The U.S. Securities and Exchange Commission has charged a Toronto man with manipulating the market in four microcap stocks.

The SEC action, filed in federal district court in Philadelphia on Thursday, alleges that, from 2004 through September 2008, George Georgiou, “who controlled the publicly-traded stock of each company, manipulated the market for the purpose of artificially inflating each company’s stock price or to create the false appearance of an active and liquid market.”

“In order to do so, Georgiou used many nominee accounts that he either directly or indirectly controlled at offshore broker-dealers and banks, and used a variety of manipulative techniques, including matched orders and wash sales,” it adds, claiming that he realized at least US$20.9 million in ill-gotten gains from his manipulation schemes.

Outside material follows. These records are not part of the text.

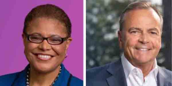 LA 시장 선거에 출마할 당시의 캐런 배스(왼쪽)와 릭 카루소.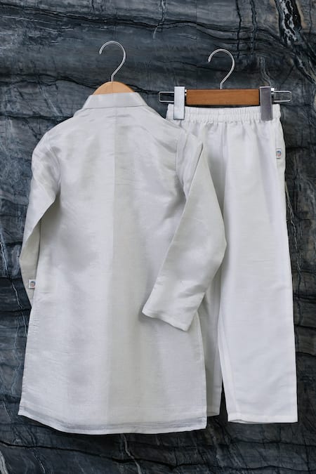 A silver pure tissue kurta is lined with Ahimsa silk and features constellation embroidery. It is paired with ivory Ahimsa silk pyjama pants.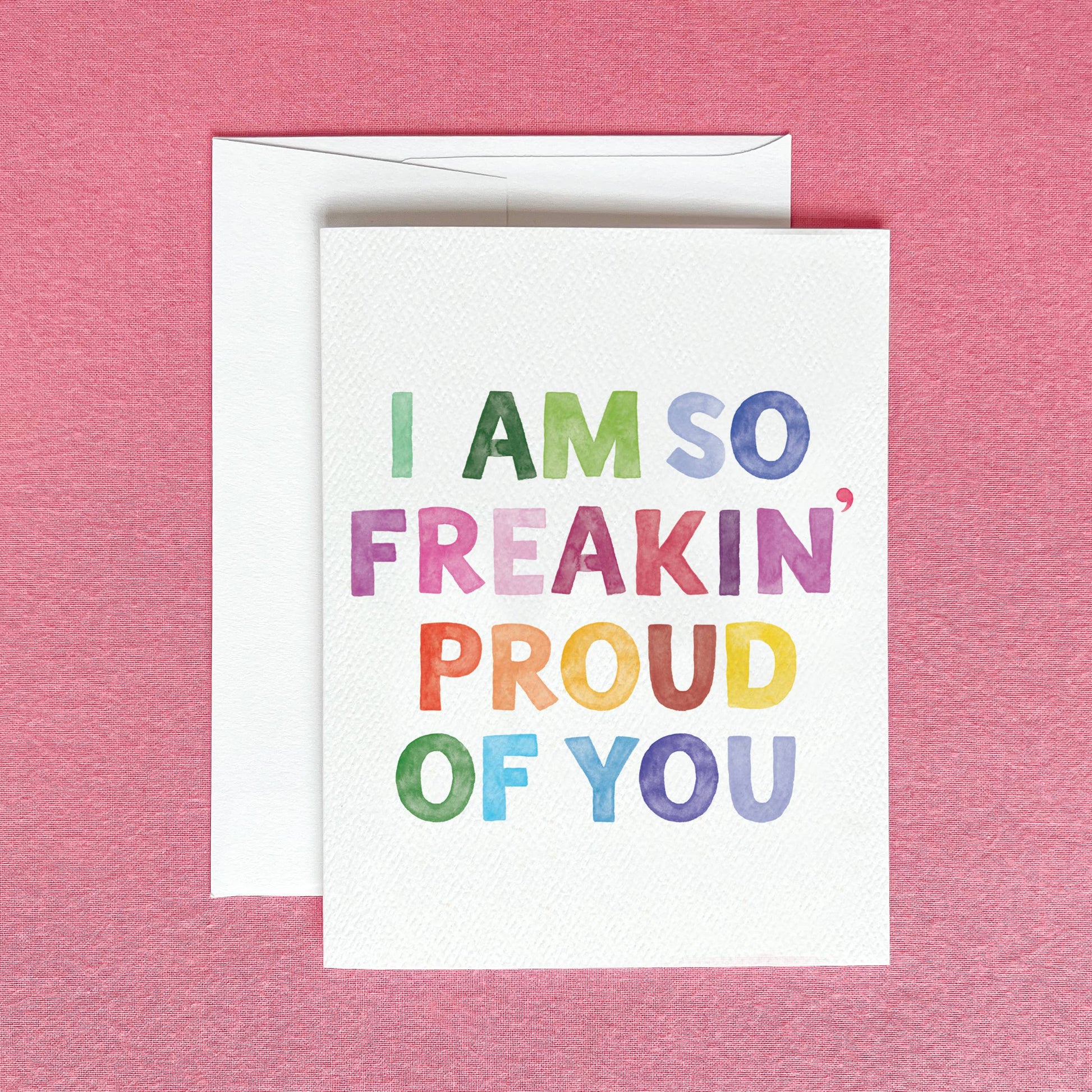 For the moments when “so proud” just isn’t enough. Bold and colorful with the phrase “I’m So Freakin’ Proud of You” in rainbow lettering, it’s a vibrant high-five for anyone who is crushing it! Whether they nailed a milestone or made it through something tough, this card is your cheerful way to say, “You did it—and I see you.”

In addition to the enforcement action, the commission also suspended trading in the securities of the four stocks for a 10 day period. They are Avicena Group, Inc. of Palo Alto, Ca., Northern Ethanol, Inc. of Toronto, Hydrogen Hybrid Technologies, Inc. based in Pickering, Ont., and Stock-Trak Group, Inc. of Montreal, Que.

The SEC said that the U. S. Attorney for the Eastern District of Pennsylvania today separately announced criminal charges against Georgiou involving the same conduct.

None of the allegations have been proven.